How do I check from the browser which webserver responds to the request? Shall I just check IIS logs and see if they all contain requests from my browser?
Thanks again

one thing that is not clear to me is if there is a case where an ELB can become unavailable. What happens when whatever piece of equipment within amazon that is forwarding the traffic dies? Do they create a new ELB on another device or does it just go away like a regular instance? I’m sort of inferring that it reappears, but I’d like to know for sure…


Failure modes for ELB are not documented anywhere, and there’s no SLA for ELB. Sometimes there are service interruptions (rarely, actually) but the ELB does “come back to life” with the same endpoint name.

Thanks for an excellent article.

For us, the major limitation of this service is the requirement of a cname DNS entry to map to the load balancer. Since Amazon has not commented on when they ever plan to allow an Elastic IP to be mapped, this is really holding us back from moving to EC2.

The problem is our web sites all operate without the “www” prefix, and this would not be a popular change to make. Redirects would put our search rankings etc at risk, and it’s just an ugly solution.

I was toying with the idea of writing a service that periodically polls the DNS CNAME address of the load balancer, and dynamically updates a proper A record with the returned IP address. The public could then access the site via this A address as normal.

This would partially solve the problem for us, giving us failover, and balancing processing load over multiple servers, but of course would retain a single load balancer as a potential throughput bottleneck. However this may well be acceptable for us, as the failure tolerance is our main requirement.

Can you think of any other potential issues with this approach?
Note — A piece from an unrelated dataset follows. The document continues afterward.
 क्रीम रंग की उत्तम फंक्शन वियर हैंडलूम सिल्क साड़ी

Obviously the service would have to run on multiple servers to ensure the A record stays up to date, but how often does it actually change?
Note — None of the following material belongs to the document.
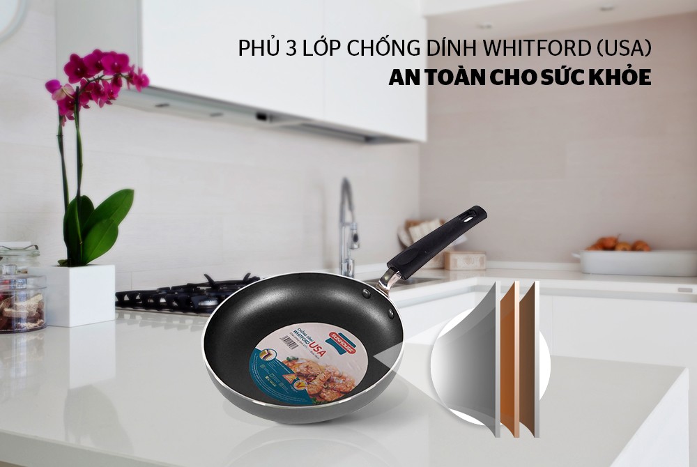 Dòng chảo trơn Sunhouse với công nghệ chống dính Whitford (Hoa Kỳ) - Thương hiệu chống dính hàng đầu thế giới tuyệt đối không có tình trạng thôi nhiễm vào thức ăn, an toàn cho sức khỏe. Bề mặt chống dính siêu bền, tuổi thọ dài, dễ dàng vệ sinh và tẩy rửa. Chảo còn giúp giữ được hương vị tươi ngon của thức ăn trong thời gian tương đối.

Is there any way to retrieve a list of all the IP’s currently in service for a given ELB? (either via DNS or the API).


There’s no concern about a single ELB being a bandwidth bottleneck. Because multiple load balancing machines are used (represented by the variety of IP addresses returned by the DNS lookup) ELB spreads the traffic out according to the load at the time.

As described in the article, ELB’s pool of addresses varies with load. If your load changes significantly, odds are you’ll see a change to the pool of addresses.

The approach you describe has been suggested before, but I’ve yet to see anyone try it. Theoretically it should work. Please share your experiences if you do try it!

Ah yes what I meant is that by polling the cname and updating an A record periodically, I’ll really only be sending people to a single IP address from the pool that *may* have been allocated to the ELB.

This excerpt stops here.